5 En zij voer nog voort, en baarde een zoon, en noemde zijn naam Sela; doch hij was te Chezib, toen zij hem baarde.
She bore also a third: whom she called Sela. After whose birth, she ceased to bear any more.
6 Juda nu nam een vrouw voor Er, zijn eerstgeborene, en haar naam was Thamar.
And Juda took a wife for Her his firstborn, whose name was Thamar.
7 Maar Er, de eerstgeborene van Juda, was kwaad in des HEEREN ogen; daarom doodde hem de HEERE.
And Her, the firstborn of Juda, was wicked in the sight of the Lord: and was slain by him.

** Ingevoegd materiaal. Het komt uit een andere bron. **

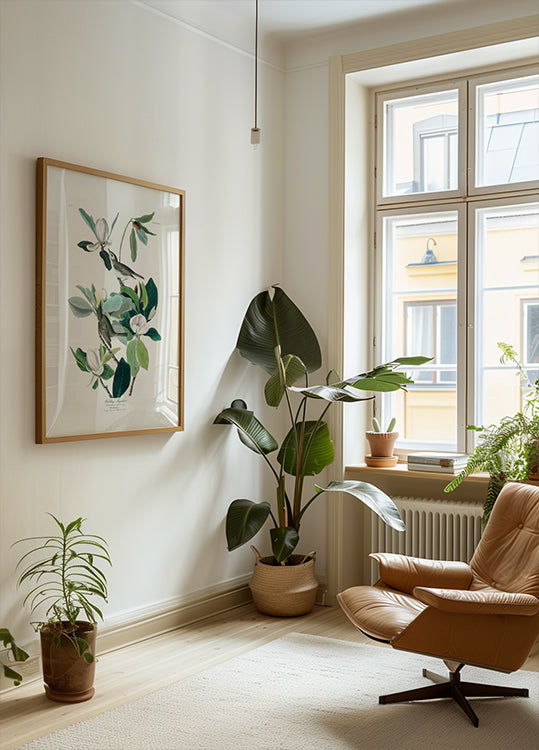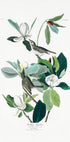Vintage botanische Kunst mit Magnolienblüten und detaillierten Vogeldarstellungen. Eine elegante und komplexe Naturillustration, die lebendiges Blattwerk in einer zarten Komposition hervorhebt. Perfekt für Liebhaber klassischer botanischer Drucke und naturkundlicher Kunst.

8 Toen zeide Juda tot Onan: Ga in tot uws broeders huisvrouw, en trouw haar in uws broeders naam, en verwek uw broeder zaad.
Juda, therefore said to Onan his son: Go in to thy brother’s wife and marry her, that thou mayst raise seed to thy brother.
9 Doch Onan, wetende, dat dit zaad voor hem niet zoude zijn, zo geschiedde het, als hij tot zijns broeders huisvrouw inging, dat hij het verdierf tegen de aarde, om zijn broeder geen zaad te geven.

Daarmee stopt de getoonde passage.